== INPUT RECORDS ==
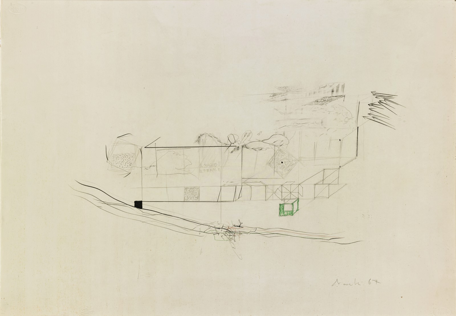 NOVELLI GASTONE (1925 - 1968) Senza titolo. 1967. Tecnica mista su carta. Cm...
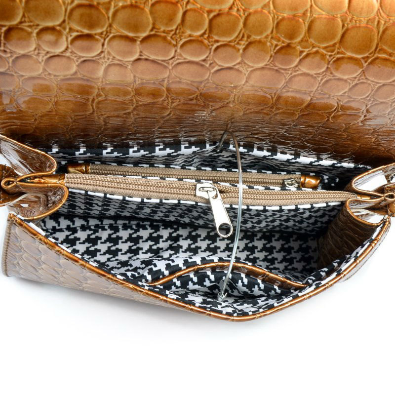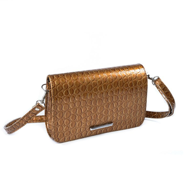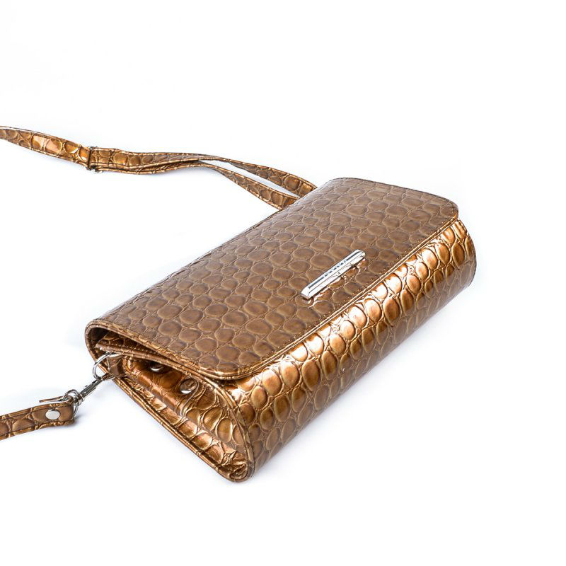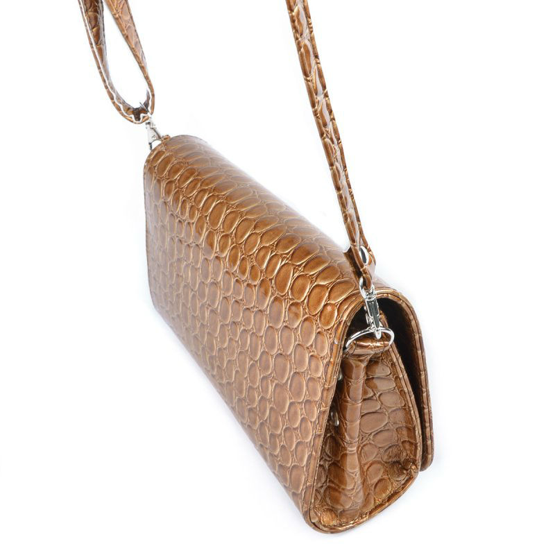 - Красивый женский клатч через плечо М63-229-7 бежевый с тиснением.
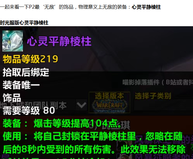 【魔兽世界】时光服P2最‘无敌’装备,魔兽史上最有战略价值的饰品
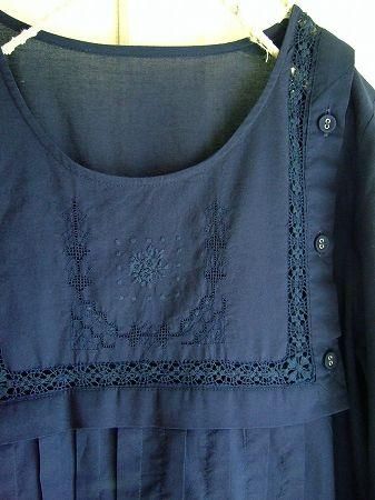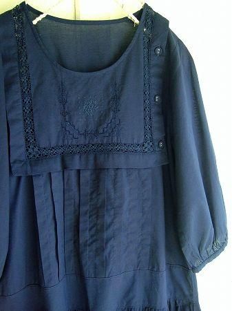 color ネイビー、素材 cotton100%、made in China、size F、着丈100cm、バスト92cm、袖丈39cm、肩幅38cm、※裏地は付いておりません。
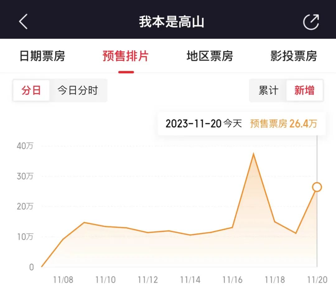 从预售数据来看,在《高山》开启点映首日,该片创造了近期预售日增最高纪录,随后的周末两天却因舆情原因直接出现断崖式下降。
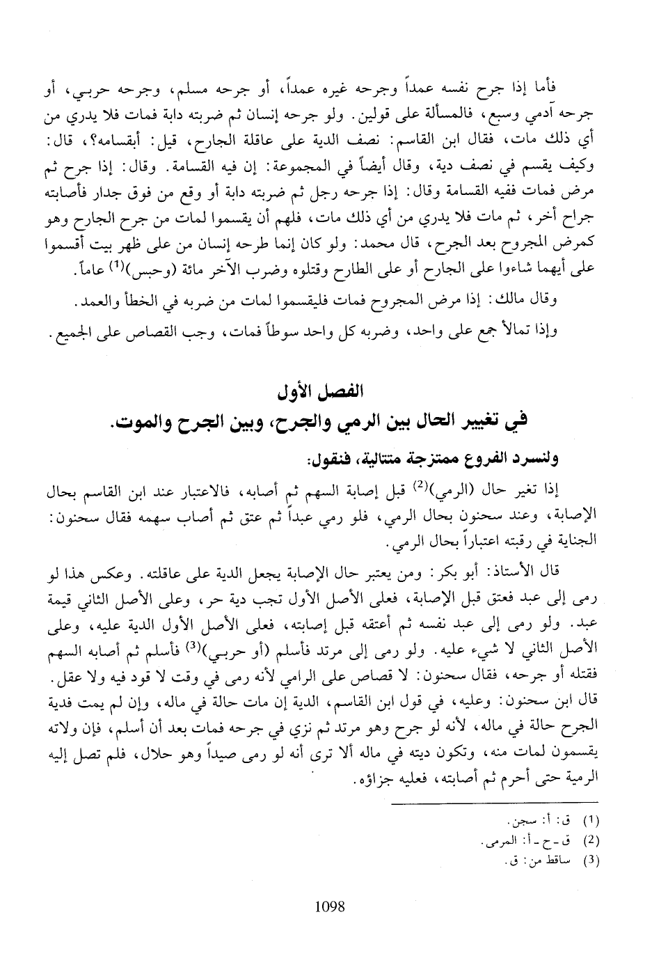 الفصل الأول: في تغيير الحال بين الرمي والجرح، وبين الجرح والموت
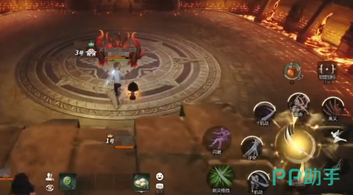 不过这时候他的头顶上会出现一个危字,就说明他正在处于愤怒并且攻击的状态。我们打完一套之后他就会后退,而且朝着前方不断用自己的嘴巴喷出直线火焰。那我们可以朝着他的身边继续攻击,因为他输出期间并不能被打断。
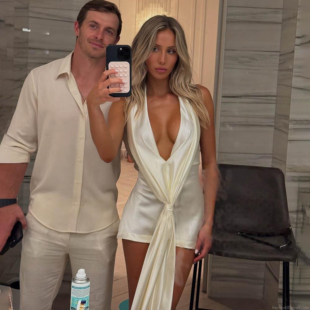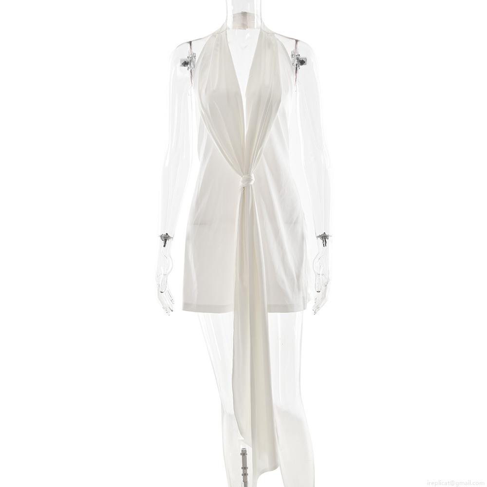 Women Sexy White Satin Halter Mini Dress Deep V Neck Backless Knot Ruched Bodycon Party Dress Sleeveless Glossy Summer Clubwear Evening Gown
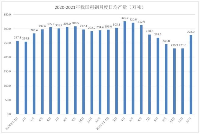 国家统计局公布的数据显示,2021年12月份我国粗钢产量为8619万吨,同比减少6.8%;日均粗钢产量为278.0万吨,环比大幅增长20.3%,同比下降5.5%,连续第六个月同比下降。2021年全年,我国累计生产粗钢103279万吨,同比下滑3.0%,累计产量连续第三个月同比下滑。
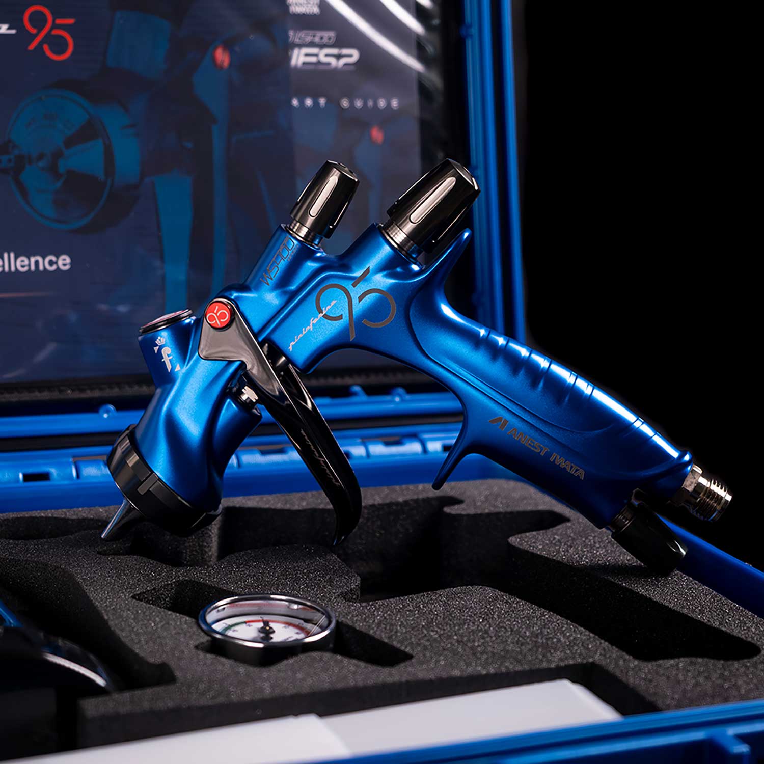 Der ergonomische, dunkelblaue Pistolen-Körper mit roten Akzenten wurde vom Pininfarina-Designchef Nicola Girotti entworfen. Jedes Exemplar ist ein nummeriertes Einzelstück mit lasergraviertem „pininfarina95“-Schriftzug, ein echtes Sammlerobjekt. Technisch überzeugt die WS-400 mit der neuesten Split Nozzle™ 2.0 Zerstäubungstechnologie: Sie erzeugt ein ultrafeines, gleichmäßiges Spritzbild für spiegelglatte Ergebnisse, ganz ohne Orangenhaut. Wartungsarme Bauteile wie die dichtungsfreie Düse, leichtgängige Regler und die optimierte Luftführung sorgen für maximale Kontrolle und ermüdungsfreies Arbeiten.
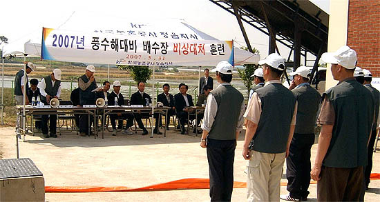지난달 31일 정읍시 이평면 오금리에 위치한 오금배수장에서 임석관인 농림부 김일환 서기관을 비롯 도청과 시청관계자, 한전, 긴급복구 동원업체, 소방서, 지역주민 등 150여명이 참석한 가운데 여름철 호우로 인한 침수방지 가상훈련을 실시한 것.
===
EXERCISE:
The line with "不过这时候他的头顶上会出现一" ends the range, and the first line of the data begins it; repeat exactly those lines and nothing more, omitting pictures.

RESPONSE BOX:
 NOVELLI GASTONE (1925 - 1968) Senza titolo. 1967. Tecnica mista su carta. Cm...
 - Красивый женский клатч через плечо М63-229-7 бежевый с тиснением.
 【魔兽世界】时光服P2最‘无敌’装备,魔兽史上最有战略价值的饰品
 color ネイビー、素材 cotton100%、made in China、size F、着丈100cm、バスト92cm、袖丈39cm、肩幅38cm、※裏地は付いておりません。
 从预售数据来看,在《高山》开启点映首日,该片创造了近期预售日增最高纪录,随后的周末两天却因舆情原因直接出现断崖式下降。
 الفصل الأول: في تغيير الحال بين الرمي والجرح، وبين الجرح والموت
 不过这时候他的头顶上会出现一个危字,就说明他正在处于愤怒并且攻击的状态。我们打完一套之后他就会后退,而且朝着前方不断用自己的嘴巴喷出直线火焰。那我们可以朝着他的身边继续攻击,因为他输出期间并不能被打断。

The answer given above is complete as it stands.